Is it possible there can be two persons of that name? That, at any
rate, is the first thing that strikes me."
"It is not the first thing that strikes me," said Mrs. Greyle. She took
up the typescript which the old actor had brought in his packet, and held
its title-page significantly before him. "That is the first thing that
strikes me!" she exclaimed. "The Marston Greyle who sent this to Bassett
Oliver said according to your story--that he sprang from a very old
family in England, and that this is a dramatization of a romantic episode
in its annals. Now there is no other old family in England named Greyle,
and this episode is of course, the famous legend of how Prince Rupert
once sought refuge in the Keep yonder and had a love-passage with a lady
of the house.
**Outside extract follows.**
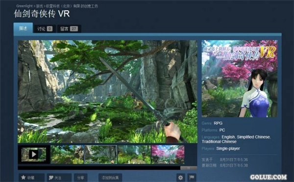 还记得今年CJ2016上大宇公开的《仙剑奇侠传》VR版演示吗?借助VR技术,我们这些宅家玩家终于能“名正言顺”地窥见女神赵灵儿沐浴的场景了!如今《仙剑奇侠传》VR版已正式登陆Steam青睐之光平台,计划于今年第三季度推出。

Am I right, Mr. Dennie?"
"Quite right, ma'am, quite correct," replied the old actor. "It is
so--you have guessed correctly!"
"Very well, then--the Marston Greyle who wrote this, and those letters,
and who met Bassett Oliver was without doubt the son of Marcus Greyle,
who went to America many years ago. He was the same Marston Greyle, who,
his father being dead, of course succeeded his uncle, Stephen John
Greyle--that seems an absolute certainty. And in that case," continued
Mrs. Greyle, looking earnestly from one to the other, "in that case--who
is the man now at Scarhaven Keep?"
A dead silence fell on the little room.